Summary of the Invention

[0006] A configuration of the present invention will be described with reference to Figure 1 corresponding to an embodiment. This work piece processing system comprises a work piece machining device (1) for cutting products (M) out from a material work piece (W), a transfer device (2) for transferring the products (M) from the work piece machining device (1) to arbitrary positions in an accumulation area (E), a control device (3) for program-controlling the work piece machining device (1) and the transfer device (2), and an automatic programming device (4).

[0007] The automatic programming device (4) generates as a program to be executed by the control device (3), a machining program (13) for allowing the work piece machining device (1) to cut a work piece (W), based on predetermined information including shape information (7a) for the products (M) and classification information (9) indicating a product arrangement form on the accumulation area (3), and a classification and accumulation program (15) for allowing the transfer device (2) to pick up the machined product (M) and to carry out classification corresponding to the classification information (9) in order to accumulate the product in the accumulation area (e).

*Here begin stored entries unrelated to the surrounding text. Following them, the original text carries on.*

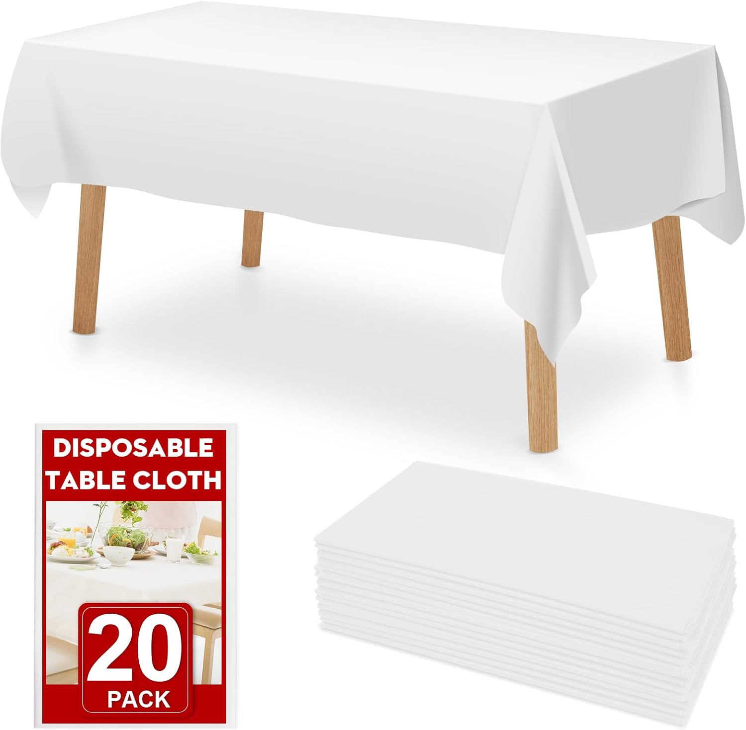 - VARIETY OF CHOICES: Our selection includes 20 pack white disposable plastic tablecloths to prevent stains from spilling onto the table and make your dining experience more enjoyable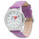 Kinderen roestvrijstalen Paarse lederen bandhorloge I Heart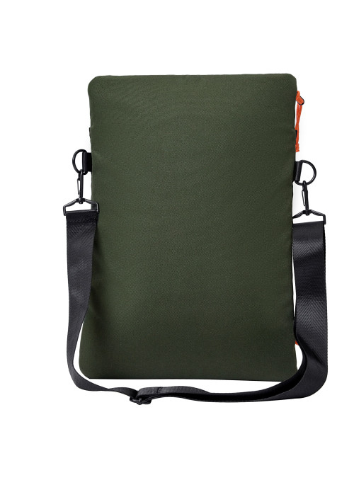 Con un tamaño práctico de 41 cm de alto por 28 cm de ancho, incluye un bolsillo frontal con cierre para organizar cargadores, cables u otros objetos personales. La correa ajustable y extraíble permite llevarlo al hombro o como un portafolio, adaptándose a distintos estilos de uso. Ya sea para la oficina, clases o viajes, este estuche es una solución práctica, elegante y responsable con el planeta.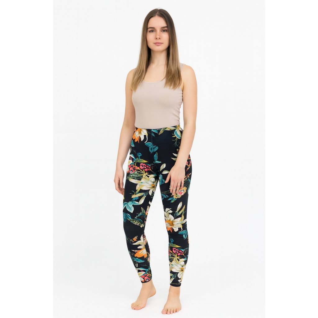 NOVINKA- Dámské dlouhé legíny se vzorem- Bílé květy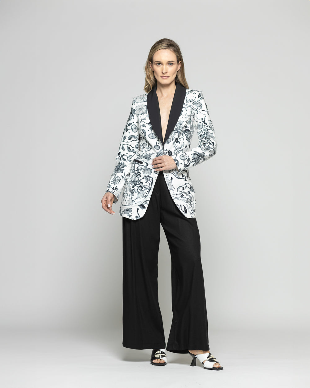 Blazer Mujer Lirio Clásico Estampado Botánico Negro Ludovica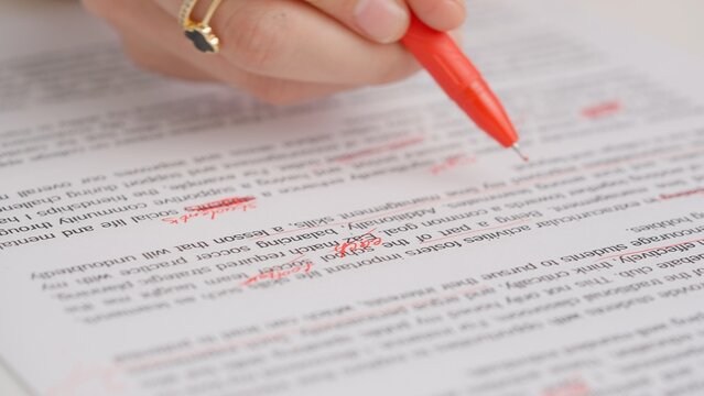 Teacher correcting an exam or homework with a red marker pointing out all the errors in the text.

[0008] According to this configuration, the automatic programing device (1) generates the machining program (13) and the classification and accumulation program (15) from the predetermined information including the shape information (7a) and classification information (9) for the set products (M). Based on the generated machining program (13), the work piece machining device (1) cuts the products (M) out from the material work piece (W) according to control provided by the control device (3). The transfer device (2) picks up the machined product (M) according to the classification and accumulation program (15), and carries out classification corresponding to the classification information (9) in order to accumulate the product at a predetermined position in the accumulation area (E). Thus, the products (M) can be classified and accumulated irrespective of the blanking of the products (M) of the material work piece (W). In addition, since the shape information (7a) and classification information (9) for the products (M) is used to generate the machining program (13) and the classification and accumulation program (14) beforehand, blanking and machining suitable for classification can be carried out to enable an efficient process from machining to classification and accumulation.

[0009] Furthermore, this work piece processing system can correct to within a predetermined level, inconsistency, if any, between the classification information (9) and the specification of the transfer device (2) or general production limitations or requirements such as high yields or low costs. The system can then reflect the resulting machining sequence and classification destinations in the machining program (13) and the classification and accumulation program (14). It can also create these programs (13), (14) easily.

[0010] According to the present invention, the classification information (9) may include classification type information (9a) indicating one of a plurality of classification types including loading by delivery date, loading by process, loading as blanked, space-saving loading, loading by product, and arbitrary loading, and the automatic programming device (1) may have an accumulation area blanking means (42) for determining the location of each product (M) relative to a predetermined accumulation area (E) according to a predetermined blanking rule (45), based on the classification type information (9a) and the product shape information (7a).

[0011] In this manner, the accumulation area blanking device (42) is provided in the automatic programming device (1) to determine the accumulation position of each product (M) according to the predetermined blanking rule (45) based on the classification type information (9a) and the product shape information (7a). Consequently, the classification and accumulation program (15) is generated so as to efficiently carry out various loadings such as loading by delivery date, loading by process, loading as blanked, space-saving loading, loading by product, and arbitrary loading, thereby enabling more efficient accumulation.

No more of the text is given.